Data types can use extra generic type parameters to act as markers or to perform type checking at compile time. These extra parameters hold no storage values, and have no runtime behavior.
use std::marker::PhantomData;
// A phantom tuple struct which is generic over `A` with hidden parameter `B`.
#[derive(PartialEq)] // Allow equality test for this type.
struct PhantomTuple<A, B>(A,PhantomData<B>);
// A phantom type struct which is generic over `A` with hidden parameter `B`.
#[derive(PartialEq)] // Allow equality test for this type.
struct PhantomStruct<A, B> { first: A, phantom: PhantomData<B> }
// Note: Storage is allocated for generic type `A`, but not for `B`.
// Therefore, `B` cannot be used in computations.
fn main() {
// Here, `f32` and `f64` are the hidden parameters.
// PhantomTuple type specified as `<char, f32>`.
let _tuple1: PhantomTuple<char, f32> = PhantomTuple('Q', PhantomData);
// PhantomTuple type specified as `<char, f64>`.
let _tuple2: PhantomTuple<char, f64> = PhantomTuple('Q', PhantomData);
// Type specified as `<char, f32>`.
let _struct1: PhantomStruct<char, f32> = PhantomStruct {
first: 'Q',
phantom: PhantomData,
};
// Type specified as `<char, f64>`.
let _struct2: PhantomStruct<char, f64> = PhantomStruct {
first: 'Q',
phantom: PhantomData,
};
// Compile-time Error! Type mismatch so these cannot be compared:
//println!("_tuple1 == _tuple2 yields: {}",
// _tuple1 == _tuple2);
// Compile-time Error! Type mismatch so these cannot be compared:
//println!("_struct1 == _struct2 yields: {}",
// _struct1 == _struct2);
}When adding two numbers, we need to make sure that those two numbers are in the same type. If we want to implement the add trait for our own type, we also want to do that.
The Add trait is defined as
// This construction would impose: `Self + RHS = Output`
// where RHS defaults to Self if not specified in the implementation.

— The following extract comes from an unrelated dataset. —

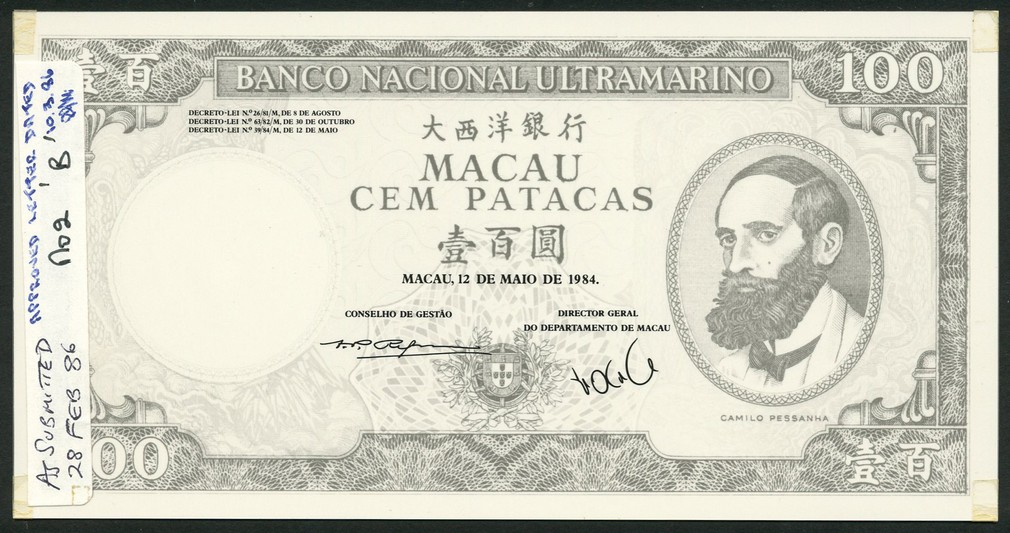 (†) Banco Nacional Ultramarino, Macau, a black and white uniface bromide photographic print with overlay trace for a 100 Patacas, 12 May 1984, no serial number, portrait of Camilo Pessanha at right

pub trait Add<RHS = Self> {
type Output;
fn add(self, rhs: RHS) -> Self::Output;
}
// `Output` must be `T<U>` so that `T<U> + T<U> = T<U>`.
impl<U> Add for T<U> {
type Output = T<U>;
...
}but what if we have a struct and want to implement the Add trait for it, and at the same time we want to ensure that the type of the two sides match?
use std::ops::Add;
use std::marker::PhantomData;
/// Create void enumerations to define unit types.
#[derive(Debug, Clone, Copy)]
enum Inch {}
#[derive(Debug, Clone, Copy)]
enum Mm {}
/// `Length` is a type with phantom type parameter `Unit`,
/// and is not generic over the length type (that is `f64`).
///
/// `f64` already implements the `Clone` and `Copy` traits.
#[derive(Debug, Clone, Copy)]
struct Length<Unit>(f64, PhantomData<Unit>);
/// The `Add` trait defines the behavior of the `+` operator.
impl<Unit> Add for Length<Unit> {
type Output = Length<Unit>;
// add() returns a new `Length` struct containing the sum.
fn add(self, rhs: Length<Unit>) -> Length<Unit> {
// `+` calls the `Add` implementation for `f64`.
Length(self.0 + rhs.0, PhantomData)
}
}
fn main() {
// Specifies `one_foot` to have phantom type parameter `Inch`.
let one_foot: Length<Inch> = Length(12.0, PhantomData);
// `one_meter` has phantom type parameter `Mm`.
let one_meter: Length<Mm> = Length(1000.0, PhantomData);
// `+` calls the `add()` method we implemented for `Length<Unit>`.
//
// Since `Length` implements `Copy`, `add()` does not consume
// `one_foot` and `one_meter` but copies them into `self` and `rhs`.
let two_feet = one_foot + one_foot;
let two_meters = one_meter + one_meter;
// Addition works.
println!("one foot + one_foot = {:?} in", two_feet.0);
println!("one meter + one_meter = {:?} mm", two_meters.0);
// Nonsensical operations fail as they should:
// Compile-time Error: type mismatch.
//let one_feter = one_foot + one_meter;
}Adding a field of type PhantomData<T> indicates that your type owns data of type T. This in turn implies that when your type is dropped, it may drop one or more instances of the type T. This has bearing on the Rust compiler’s drop check analysis.
If your struct does not in fact own the data of type T, it is better to use a reference type, like PhantomData<&'a T> (ideally) or PhantomData<*const T> (if no lifetime applies), so as not to indicate ownership.